[Input data]

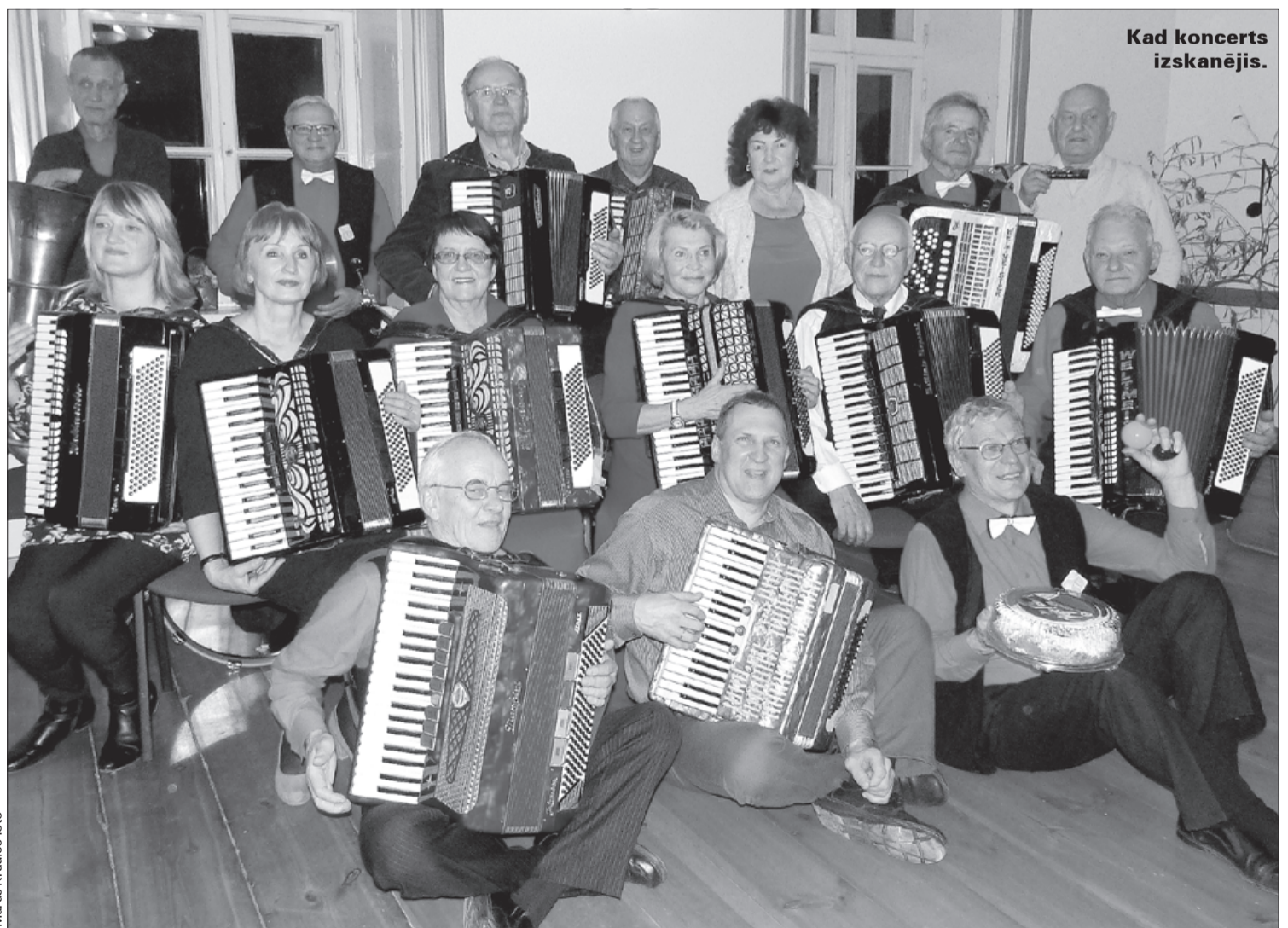
Kad koncerts izskanējis.

Pēc koncerta bija iespēja izbaudīt Spāres muižas piedāvājumu
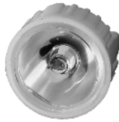
Reflektor til diode. Reflektor till diod.
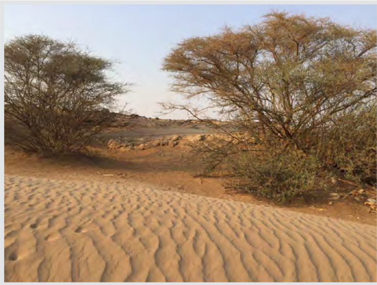
شجرات السمرفي الوادي حول غدير خم، وقد خطب النبي صلى الله عليه وآله وسلم تحت شجرتي سمرف
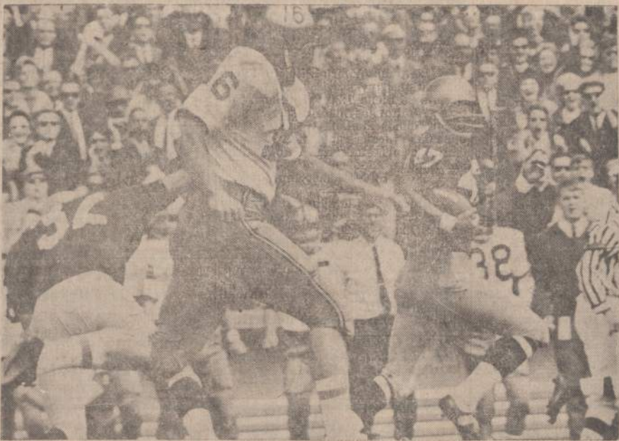
Notre Dame sportininkai sumušė Purdue jaunuolius 26-14. Paveiksle žymesnieji sportininkai kalbasi apie praleimtą žaidimą.
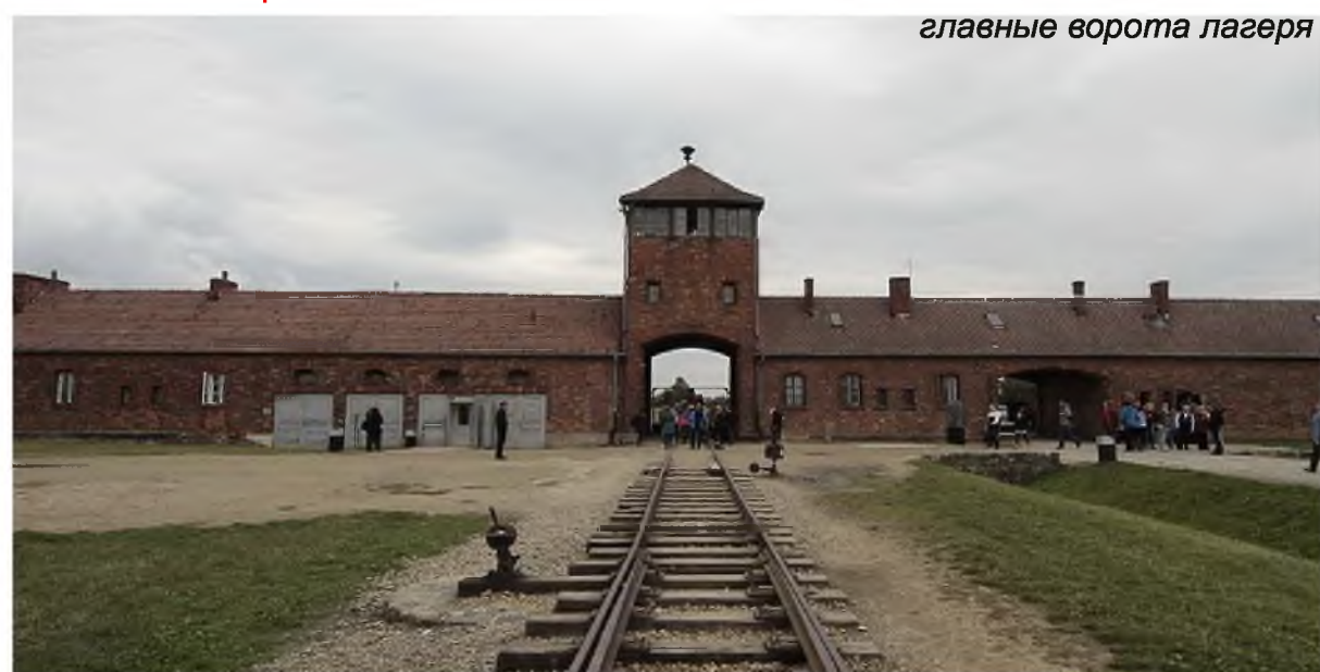
главные ворота лагеря

концлагерь Освенцим (Аушвиц). Над воротами лагеря видна известная вывеска-лозунг «Арбайт махт фрай» (Arbeit macht frei), что означает —

[/Input data]

### [Work instruction]
Within the entries, find all lines holding "лагеря" and copy each one.

### [Answer box]
главные ворота лагеря
концлагерь Освенцим (Аушвиц). Над воротами лагеря видна известная вывеска-лозунг «Арбайт махт фрай» (Arbeit macht frei), что означает —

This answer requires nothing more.